チャペルへ案内される際、背の高い、面差しが優しげな、エイジア時代のジョン・ウェットンを思わせる白人男性がミネラルウォーターをチビチビ飲んでいるのに出くわした。どうやらこの人も大学教授らしい。
「コサイさん、この方もあなたが受験する専攻の教授よ。紹介するわ、プレストン・ベルガー教授」
すると、ベルガー教授は私を軽く一瞥し、柔らかなテノールで言った。
「君がプロフェッサーイチジョウジが言っていた子だね。ふうん。よろしく」
そのふうんはなんだよ、そのふうんは!
と、思ったが。心象が悪くなったら嫌だなと思い、ひとまずひきつり笑いながらも笑顔を握手を交わした。

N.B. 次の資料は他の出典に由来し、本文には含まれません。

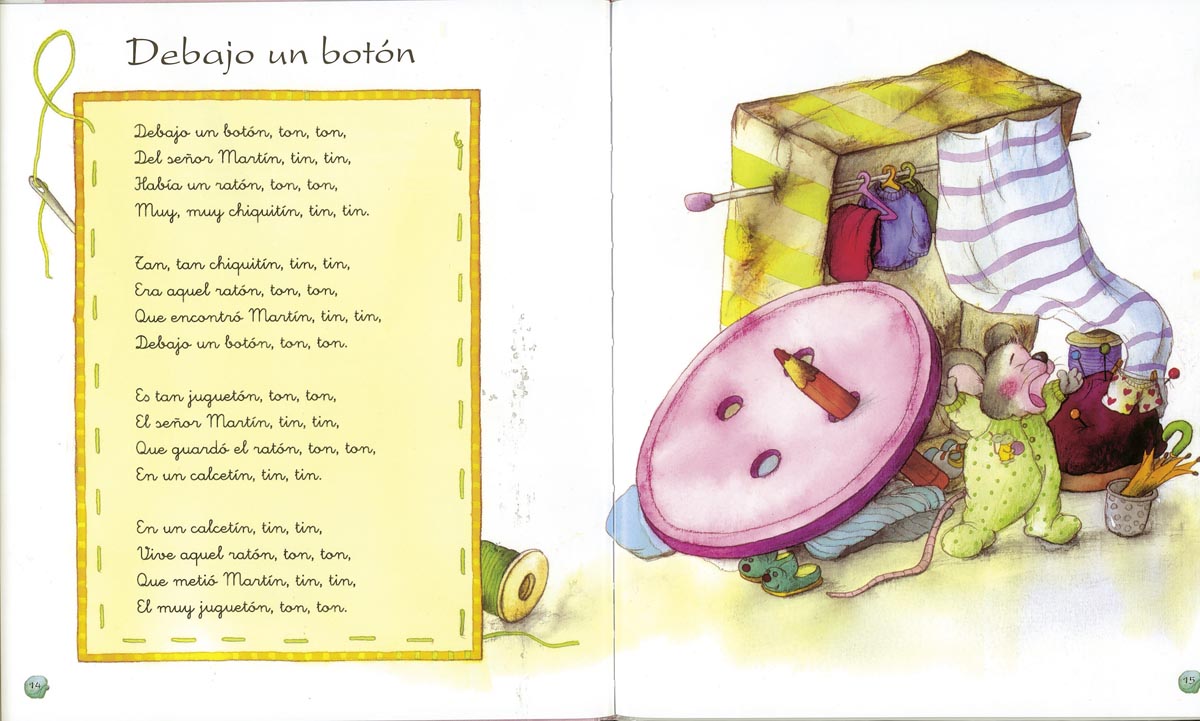 En este precioso álbum, lleno de bellísimas ilustraciones, vienen recogidas muchas de las canciones populares infantiles y poesías más conocidas del folklore español para cantar y contar a nuestros bebés. Además, contiene un CD para disfrutar de la música y la lectura al mismo tiempo.
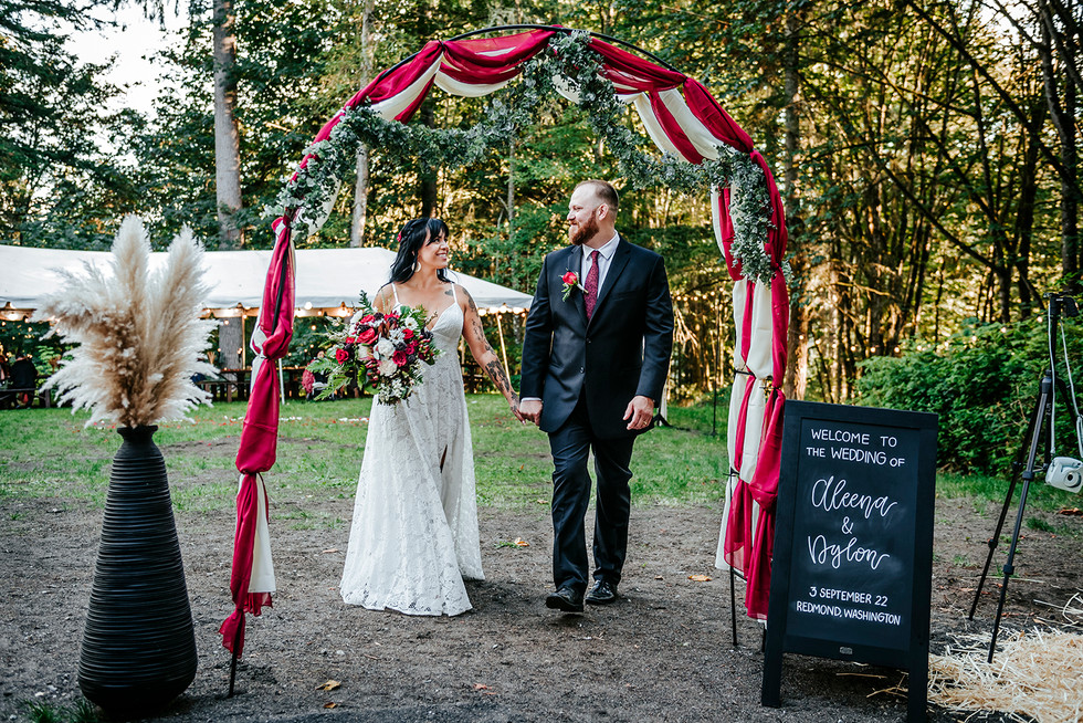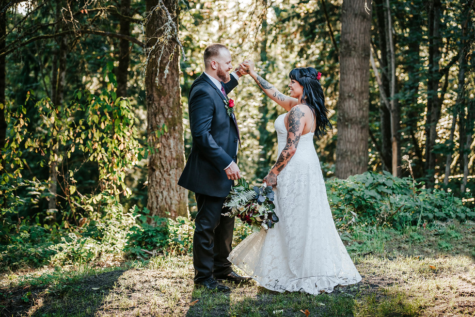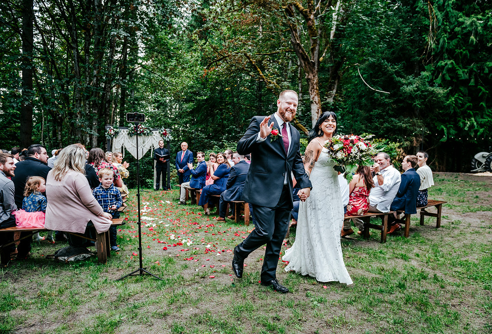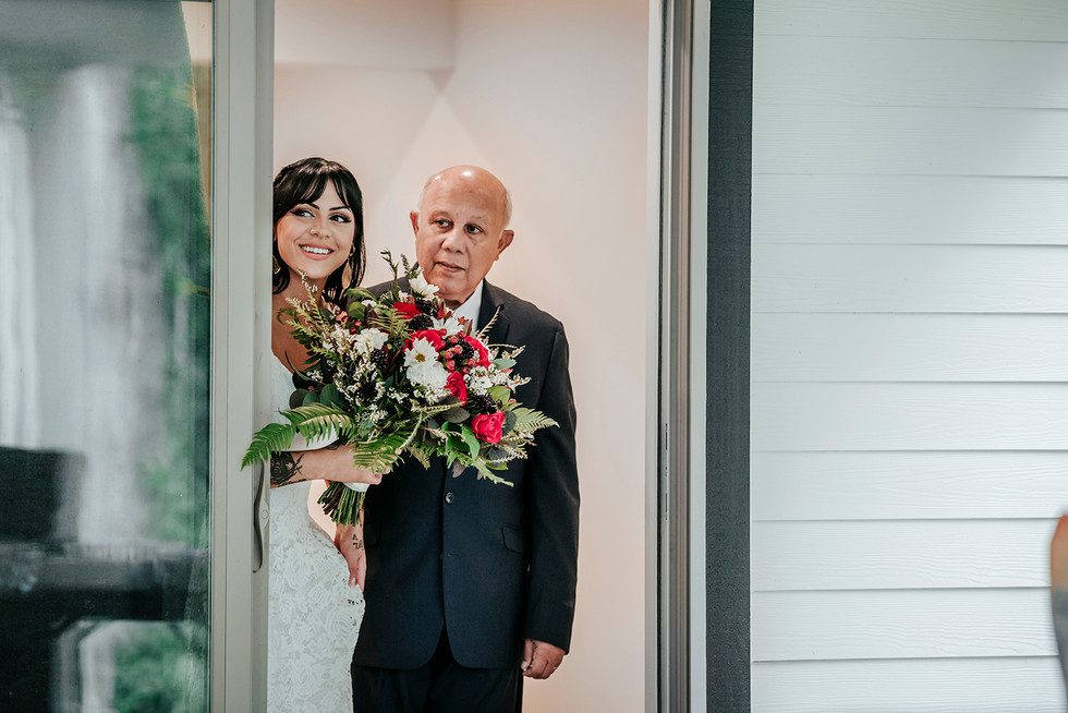 It was another perfect day and perfect setting for Aleena and Dylon's woodsy backyard wedding full of love and laughter. I love the details like the coffin ring box. I also really enjoyed making the bridal bouquet, boutonniere, and corsages.
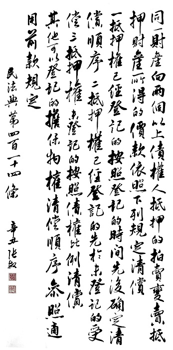 民法典第四百一十四條 同一財(cái)產(chǎn)向兩個(gè)以上債權(quán)人抵押的,拍賣、變賣抵押財(cái)產(chǎn)所得的價(jià)款依照下列規(guī)定清償:

そんなことがあったが、大学の印象は図書館の蔵書はやや少ないのが残念だが、こじんまりとした大学ならではのアットホームさが心地よさそうという印象だった。
オープンキャンパスは終わった。
私は帰りの電車を待ちながらそっと封筒を開けた。
中には「オープンキャンパスきてくれてありがとう。ささやかですがアンケートの謝礼です。それでは、来年の4月に学生として貴女に会えますように」という手紙と、3000円が入っていた。
封筒と一緒に渡された袋に入った、たぶんオープンキャンパスの際のおやつだったであろうキットカットやソフトサラダをむしゃむしゃ食べながら、大学に入りたいと切に思った。
しかし、夢みたいな時間を過ごした後の現実はつらく、職場でのあまりの冷遇に憤り、主任に抗議したところ、主任は冷たく笑ってこう返した。
「あんたが正常でなかけんたい!あんたみたいなきけしゃん(精神病罹患者)を置いてやるだけありがたいと思わんね!」
……今なら労働基準局に訴えたら勝ち目があるが当時は訴えてもなしのつぶてだった。私は仕事が終わると心折れて、駅のホームでよく泣いていた。
先の見えなさ、困窮、パワハラ、家に帰ると暗い顔の私を見て、祖母からよく叱られ、喧嘩の回数が増えた。
私の顔の吹き出物はますます増えた。
さらに追い討ちをかけるように7月の終わり、下地さんからメールがきた。
「正男が心筋梗塞で入院した。あと、俊雄と連絡がつかない」と。
なんで不幸せは立て続けにくるんだよと私は蒸し暑い部屋の中で突っ伏して泣いた。